(Work required): Leave out the pictures and retype, exactly, the lines below from the line with "Südlich der Donau" up to and including the line with "पपीते की डाल", nothing more.

══ Information supplied

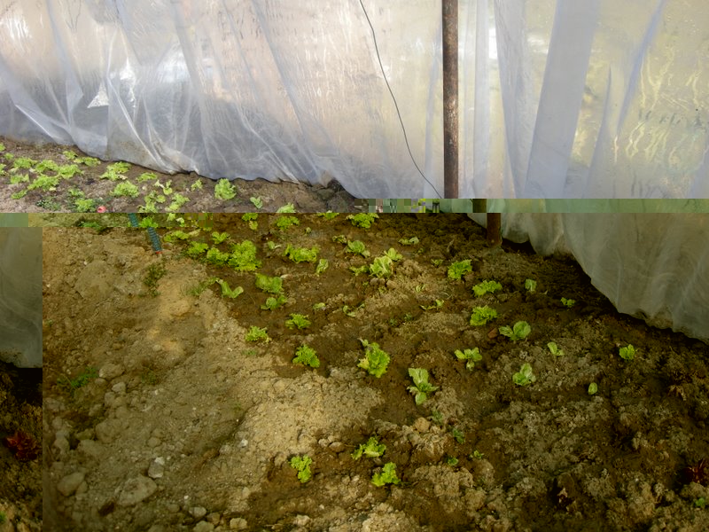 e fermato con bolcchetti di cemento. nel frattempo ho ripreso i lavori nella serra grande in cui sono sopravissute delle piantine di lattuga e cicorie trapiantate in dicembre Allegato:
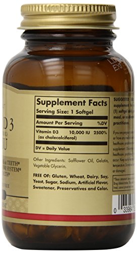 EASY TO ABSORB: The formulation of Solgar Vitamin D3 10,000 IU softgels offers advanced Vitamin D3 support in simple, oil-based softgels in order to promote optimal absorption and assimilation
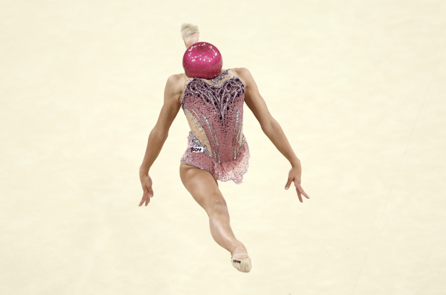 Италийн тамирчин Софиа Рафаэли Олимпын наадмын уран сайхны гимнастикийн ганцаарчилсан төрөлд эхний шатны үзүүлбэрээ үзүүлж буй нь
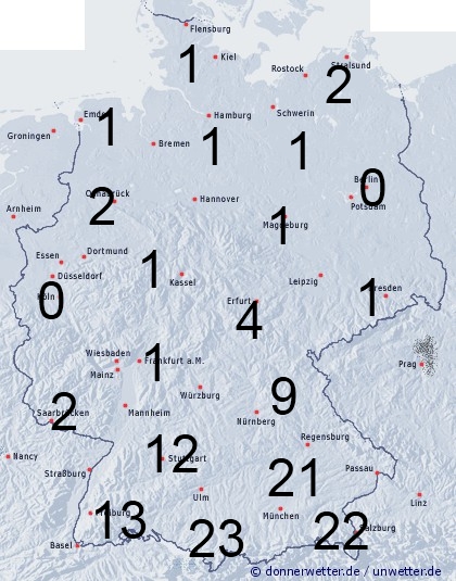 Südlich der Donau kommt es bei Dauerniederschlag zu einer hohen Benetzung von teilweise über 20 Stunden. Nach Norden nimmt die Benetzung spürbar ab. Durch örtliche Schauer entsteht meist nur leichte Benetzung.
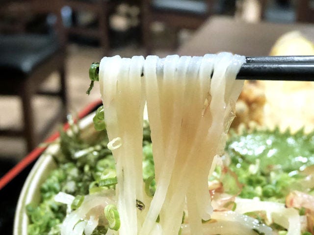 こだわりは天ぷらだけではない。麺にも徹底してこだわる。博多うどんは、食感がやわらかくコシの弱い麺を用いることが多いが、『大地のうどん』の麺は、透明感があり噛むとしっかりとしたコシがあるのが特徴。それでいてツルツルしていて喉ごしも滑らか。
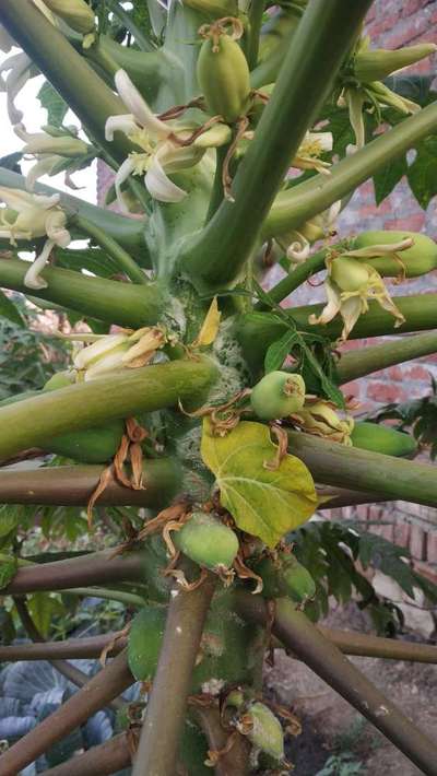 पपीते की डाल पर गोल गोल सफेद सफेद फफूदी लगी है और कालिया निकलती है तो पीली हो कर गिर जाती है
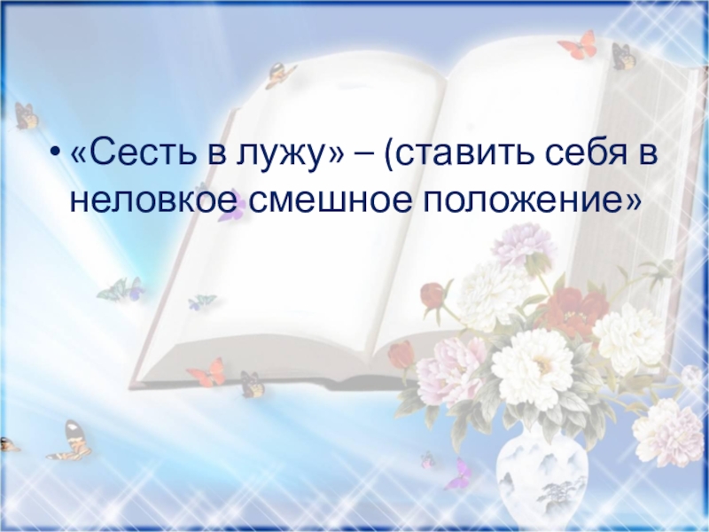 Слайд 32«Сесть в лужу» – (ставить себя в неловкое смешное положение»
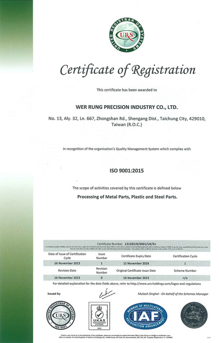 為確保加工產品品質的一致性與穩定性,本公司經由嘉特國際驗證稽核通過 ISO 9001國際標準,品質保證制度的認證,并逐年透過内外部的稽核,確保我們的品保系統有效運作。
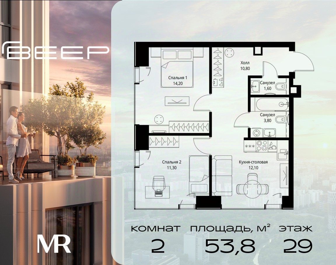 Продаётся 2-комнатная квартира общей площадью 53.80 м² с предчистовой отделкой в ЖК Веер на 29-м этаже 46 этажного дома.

════

(Expected answer):
 Südlich der Donau kommt es bei Dauerniederschlag zu einer hohen Benetzung von teilweise über 20 Stunden. Nach Norden nimmt die Benetzung spürbar ab. Durch örtliche Schauer entsteht meist nur leichte Benetzung.
 こだわりは天ぷらだけではない。麺にも徹底してこだわる。博多うどんは、食感がやわらかくコシの弱い麺を用いることが多いが、『大地のうどん』の麺は、透明感があり噛むとしっかりとしたコシがあるのが特徴。それでいてツルツルしていて喉ごしも滑らか。
 पपीते की डाल पर गोल गोल सफेद सफेद फफूदी लगी है और कालिया निकलती है तो पीली हो कर गिर जाती है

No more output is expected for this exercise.